Anubis Style, abiti d'arte
Luciana Pinazzo ha raccolto un’altra intervista per mondivirtuali.it/SLnn.it. C’è voluto del tempo, ma è riuscita in un’impresa non facile: far parlare di sé e del suo lavoro Anubis Hartunian (aka Marinella Galli), una delle più talentuose stiliste del metaverso, tanto che già nel 2007 collaborò con Fanny Douglas (aka Franca Olivieri) per la realizzazione dei costumi per gli avatar-attori di “L’Odissera – the Musical” (la stessa Fanny Douglas, insieme a KlaudeC Korobase, aka Claudio Crocetti, fu poi tra i realizzatori di “Incantando Roma”, altra commedia musicale portata “in scena” in Second Life nel dicembre del 2008). Ma lasciamo subito spazio all’intervista curata per noi da Luciana Pinazzo, che ricordiamo cura anche un suo blog, http://lucianapinazzo.blogspot.com, dove potrete trovare tante altre storie interessanti.
Luciana Pinazzo: Ciao Marinella, senti, mi racconti chi è Anubis Hartunian e quanto il personaggio in SL prende le mosse dall’autrice reale? Anubis ti assomiglia e se sì in cosa?

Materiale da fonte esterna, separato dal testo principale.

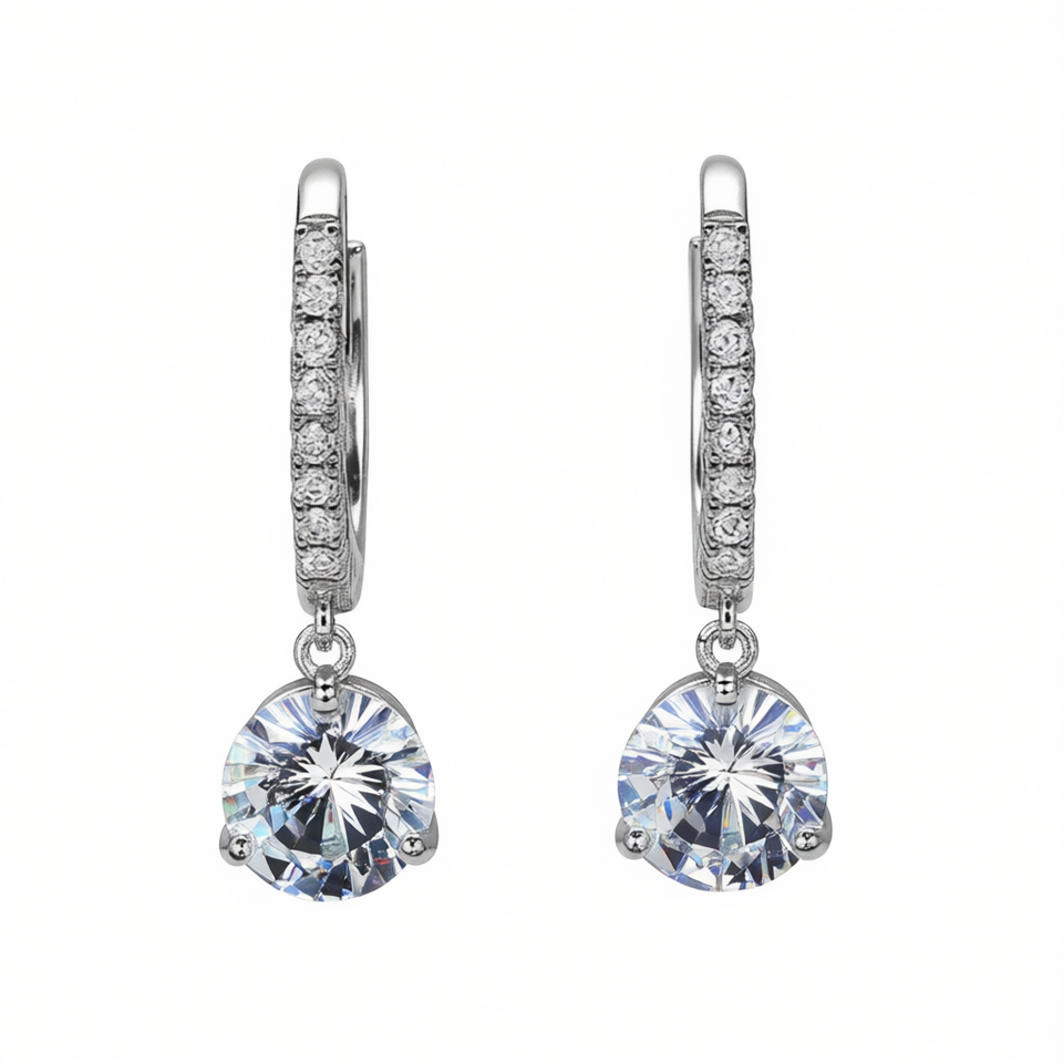 Orecchini Pendenti Classici Placcati in Rodio con Zircone Rotondo per Donna, Gioielli da Festa, Orecchini alla Moda in Lega

Anubis Hartunian: Per quanto concerne il lavoro, Anubis non mi assomiglia per niente. Come sai io mi sono sempre occupata di sicurezza. Ma in Second Life, Anubis prende tutta la mia creatività, la precisione in quello che faccio (che a volte può essere positiva, ma altre una gran rottura…), la caparbietà, le sfide, la voglia di colori. Anubis è una sognatrice, che ha avuto il desiderio e la capacità di trovare nuove forme, nuovi modi di comunicazione e ha creato il suo brand Anubis Style. Però mi sono anche sentita dire: “Ma sei uguale a RL!”. La cosa mi fa sorridere e tra di me penso che abbiano dimenticato gli occhiali!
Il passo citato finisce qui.